Thursday, March 22, 2007

Animal Welfare: Well Done

The Wolfgang Puck line of gormet cuisine products has the right idea on how to improve the status of food animals: lead by example and don't moralize.

Working with The HSUS and Farm Sanctuary, Wolfgang Puck developed a nine-point program for all operations, which includes an immediate end to the use of foie gras, more delicious vegetarian and organic options, and higher standards for animals used for his menus.


The nine points, which will be fully implemented by the end of 2007, are:

  1. Wolfgang Puck has now eliminated foie gras from the menu of all of its dining establishments. Foie gras is produced by force-feeding ducks or geese to the point where their livers swell up to 10 times their normal size.

  2. Wolfgang Puck will not use eggs from laying hens confined in battery cages. Caged laying hens are kept in such restrictive conditions that they cannot even spread their wings.

  3. Wolfgang Puck will not serve pork from producers who confine breeding sows in gestation crates. These cruel devices restrict animals from even turning around or performing many of their other natural behaviors for nearly their entire lives.

  4. Wolfgang Puck will not serve veal from producers that confine their calves in individual veal crates. This inhumane intensive confinement practice prevents calves from even turning around or walking, for months on end.

  5. Wolfgang Puck will feature delicious vegetarian options on its menus, as many consumers who want to eat well and humanely look for these selections.

  6. Wolfgang Puck will feature Certified Organic selections on its menus, as many consumers concerned for their environment and health look for these options.

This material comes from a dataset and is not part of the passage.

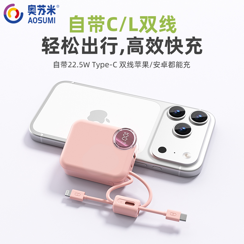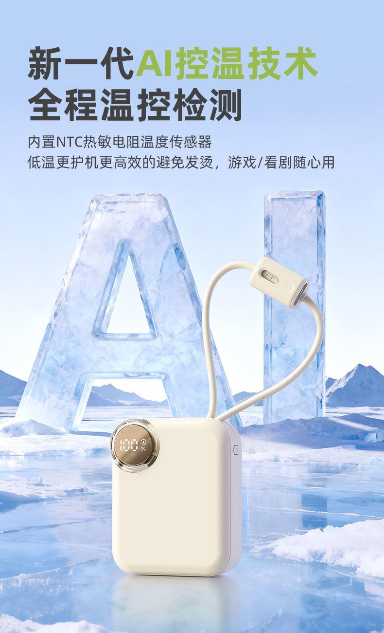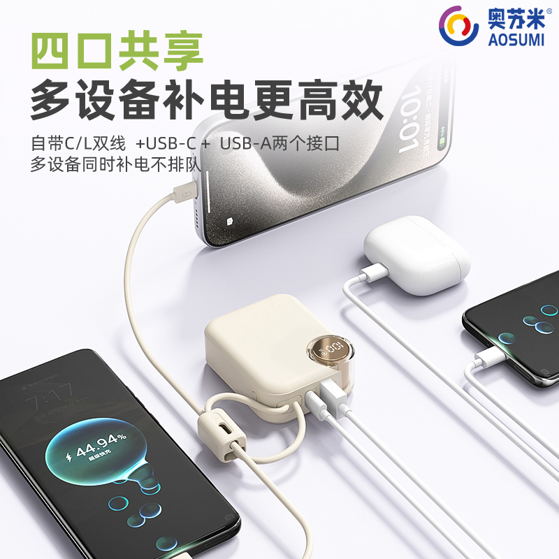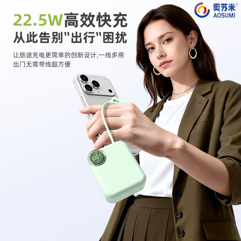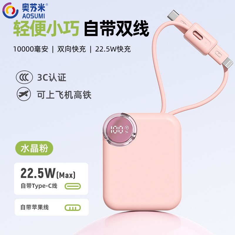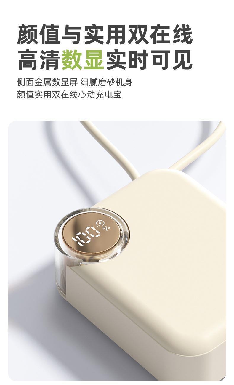型 号: R73R 颜色 :米色 /绿色/ 蓝色/ 粉色/ 电池 :锂离子聚合物电池*1pcs 电池类型 :动力电芯 容量:10000mAh 材质 :ABS+PC 尺寸 :71*62*28MM 功能特点 马卡龙配色,时尚大气; 22.5W超级快充,迅速充电; 10000mAh锂电池,澎湃动力; 自带苹果和Type-C充电线; 一输入三输出,支持苹果15手机 智能数显查看电量

  7. Wolfgang Puck will send a letter to the companies' chicken and turkey meat suppliers indicating the company's interest in Controlled Atmosphere Killing, a slaughter method involving dramatically less suffering than typical methods.

  8. Wolfgang Puck will only serve chicken and turkey meat from farms that are third-party-audited for compliance with progressive animal welfare standards.

  9. Wolfgang Puck will only serve certified sustainable seafood.

The article doesn't mention that Wolfgang Puck products, already substantially more expensive than competing brands, are likely to go up in price as a result. That doesn't particularly bother me but note that generalizing these principles to the entire food industry would likely make basic food too costly for poor people. Recognizing this tradeoff is necessary for understanding why "Animal Rights" can never be a moral issue.

Having said that, there is a sense in which care for creation is a responsibility of all men. I salute Puck for making this sort of thing available for those that want it and can afford it.